A friend's septuagenarian friend has graced every occasional lunch over these years with the ribbing of a partisan Democrat. Bill Clinton? His good friend. George Bush? Ruined everything. Barack Obama? He . . . wasn't sure he could support the man. May have to vote Republican. Not race in question; character. That was in September, the shallow nadir of Obama's polling, so perhaps a transient reluctance; and either way unheard of in the news. Yet real, and felt by the least likely.

Similar firsthand observations convinced the American Thinker's Steven Warshawsky that Barack Obama will lose. "There are numerous websites and blogs written by Democrats touting McCain's candidacy," Warshawsky writes. "There are pro-McCain grassroots efforts being led by Democrats. And we all know friends or relatives who are Democrats, who voted for John Kerry in 2004, and who are no fans of President Bush — but who are going to vote for John McCain this year."

Obama's weak spots in the Democratic primaries foretell a slight electoral shift that would confirm John McCain as President. Virginia has taken in suburbanite workers from Washington, D.C., devotees of government's retainer party; and Tri-State retirees, who on balance do not vote Republican. So it is not John McCain's to win; but neither is it a meaningfully bellwether state. Ohio, Florida, Missouri, Indiana and North Carolina stay put. Colorado, New Mexico and Nevada turn blue, but John McCain won't need them. New Hampshire, won by Hillary Clinton in January, was visited by a certain inevitably graced campaign recently, does not poll reliably for Obama; and affirms libertarian roots by returning to its 2000 position.

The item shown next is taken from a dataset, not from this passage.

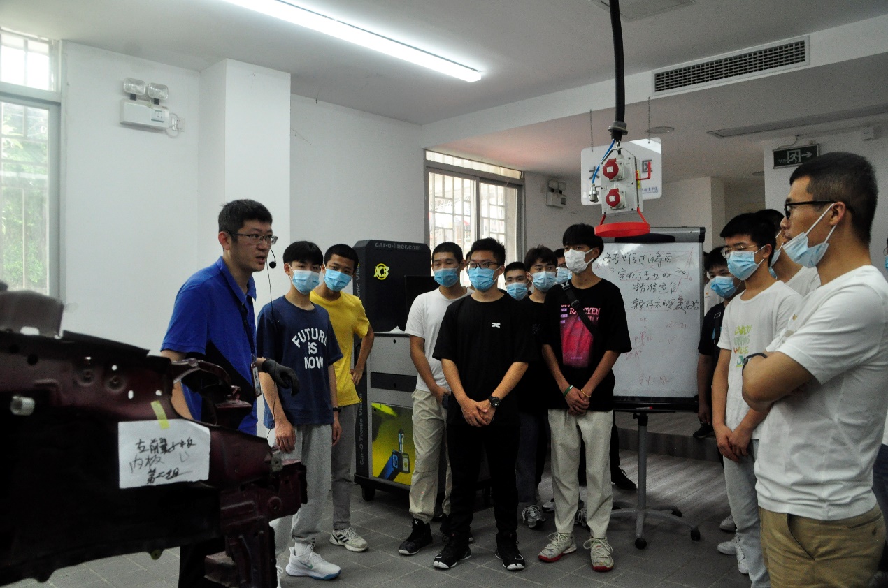 上午9点半,由福建理工学校魏日成老师和伍英贤老师带领的20名中职学生,乘坐大巴来到南区的奥迪实训中心。汽车学院的黄知秋老师带领理工学校的老师和同学们参观了一楼的奥迪机电实训室和二楼的钣金实训室。

Congressman Jack Murtha, who carries a large bucket of ignominy and enjoys painting people with it, called western Pennsylvanians "racist," later euphemized as "redneck." Murtha meant to be dismissive, but denizens of the Commonwealth likely take the second word as a mark of authenticity. Outside of Philadelphia and Pittsburgh, Barack Obama is not perceived as a black man; but a suit and a salesman. If rallies in the state headlining Sarah Palin are as broadly ebullient as they sound, then Obama will perform as he did in April, losing the state to his opponent — and the White House, by six electoral points.

William F. Buckley Jr. saw Jimmy Carter spend the final days of October 1976 in a state of "serenity that is the result either of fatalism, or of an objective optimism as he looks down the road to the last week." Barack Obama has abided the last six weeks in stasis. A national media and intellectual class want us terribly, so terribly, to believe it is because all has been preordained. Too terribly, so the rational mind resists that anesthetic, and votes, intrepid.